The Office of Attorney General argued that there were new circumstances, noting that the Court of Appeal had relieved Waldon’s trial counsel and declared that other matters could be considered after new counsel was appointed.

“These orders do not represent a relevant change in circumstances because they had no bearing on the issue to be reconsidered—whether Waldon was competent to validly waive his right to counsel and represent himself,” Liu wrote. “Moreover, when Waldon presented his second Faretta request, he did not claim there was any change in circumstances; he simply asked Judge Boyle to ignore the prior proceedings.”

The jurist added:

“By overturning Judge Zumwalt’s Faretta denial, the trial court deprived Waldon of two distinct protections afforded by her ruling: (1) protection of Waldon’s constitutional right to counsel after finding that Waldon had a mental disorder that prevented him from understanding the significance and consequences of waiving that right…; and (2) protection of Waldon’s right to a fair trial after a finding that he was unable to present a defense because of his mental impairment, a basis for denying self-representation within the judge’s discretion.”

Matters Not Considered

He continued:

Judge Boyle did not establish Waldon’s valid waiver of counsel before overturning Judge Zumwalt’s ruling, nor did he consider or address Waldon’s competence to present a defense. The proceeding on Waldon’s second request therefore did not remedy the deprivation of counsel as the Attorney General suggests.”

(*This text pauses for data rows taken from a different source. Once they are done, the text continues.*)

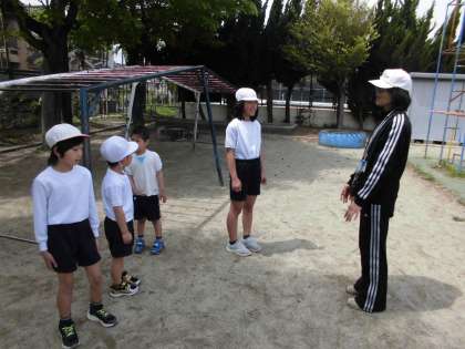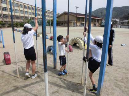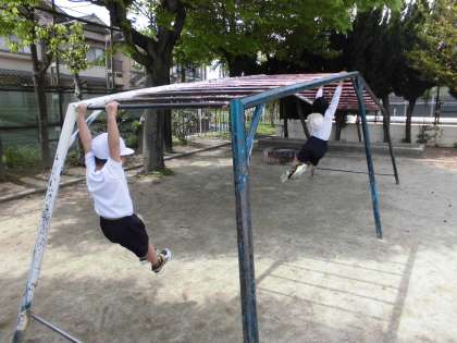 今日は、天気も良く外で過ごすには絶好の1日でした。4時間目に久しぶりの体育をしました。1年生にとっては初めての遊具。興味津々で取り組んでいました。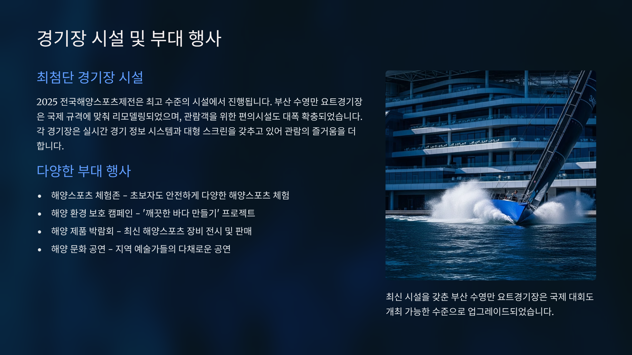 내가 생각했을 때, 해양스포츠제전은 그 어느 스포츠 축제보다 역동적이고 시원한 매력을 가지고 있습니다. 푸른 바다 위에서 펼쳐지는 선수들의 치열한 경기는 보는 이들에게 짜릿한 전율을 선사하며, 가족 단위 방문객에게는 새로운 추억을 만들 수 있는 소중한 시간이 될 것입니다. 해양수산부가 주최하고 대한체육회 등이 후원하는 이 행사는 그 공신력을 바탕으로 매년 높은 수준의 운영과 경기력을 선보이고 있습니다.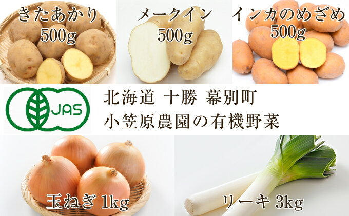 【ふるさと納税】小笠原農園の野菜5種詰合せ(きたあかり500g・メークイン500g・インカのめざめ500g・玉ねぎ1kg・リーキ2kg)【北海道十勝幕別】 【野菜・じゃがいも・ねぎ・葱・セット・詰め合わせ】 お届け:2020年9月下旬〜12月下旬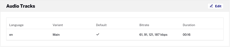 動画が Dynamic Delivery または Context Aware Encoding トランスコードプロファイルを使ってアップロード・トランスコードされた場合、[オーディオ トラック]セクションが表示され、利用可能な音声レンディションの情報が表示されます。追加のオーディオトラックの追加方法については、Media モジュールを使ったオーディオ トラックの追加をご覧ください。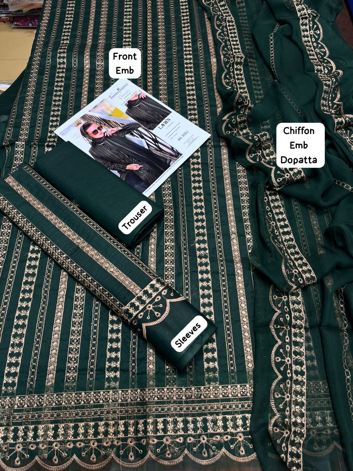 *Tana bana summer collection hit Code Available on Fine Quality 90/70 Lawn with Chiffon Emb Dopatta*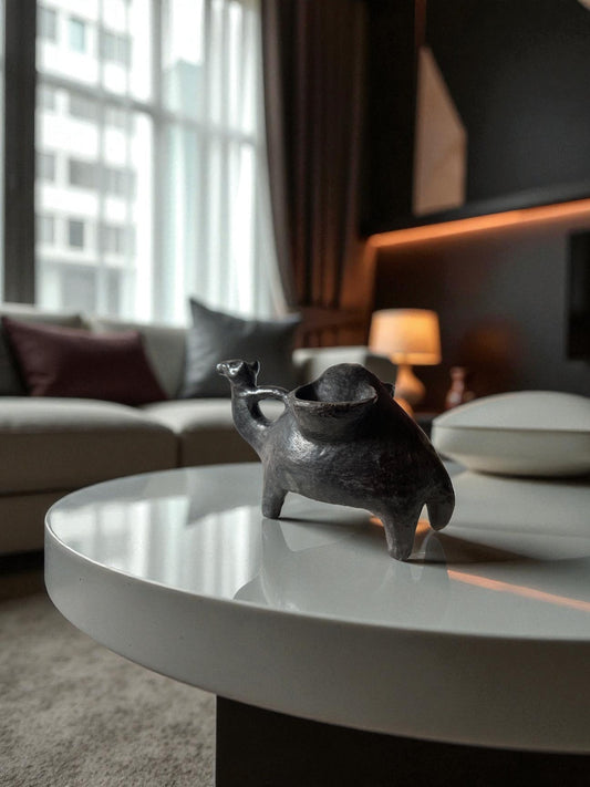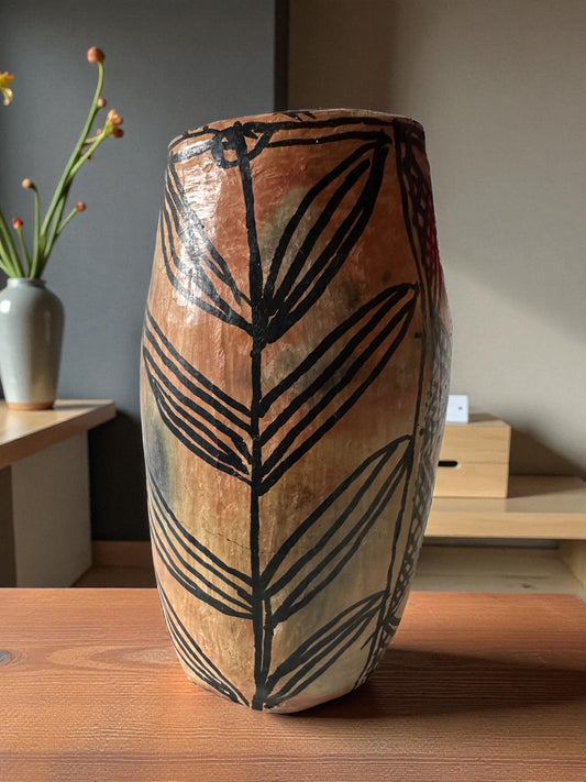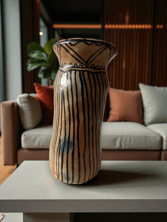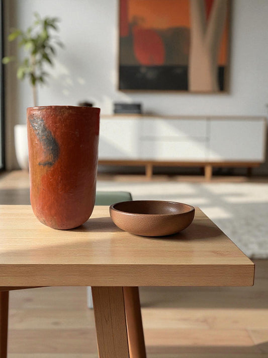 Jedes Stück ist ein Unikat mit einzigartiger Ausdruckskraft. Der Ton kommt aus der Region, und die Farben entstehen durch Mineralien und Pflanzenextrakte. Gebrannt wird traditionell auf dem Holzfeuer.

These constitutional errors, Liu said, render the case not susceptible of analysis under the harmless error doctrine.

Boyle suddenly resigned as a judge as of the last day in 1989, returned to the District Attorney’s Office, and is now on inactive State Bar status. Waldon was tried in the courtroom of Judge David M Gill, convicted by a jury, and was sentenced by Gill, who remains on the bench.

The case is People v. Waldon, 2023 S.O.S. 264.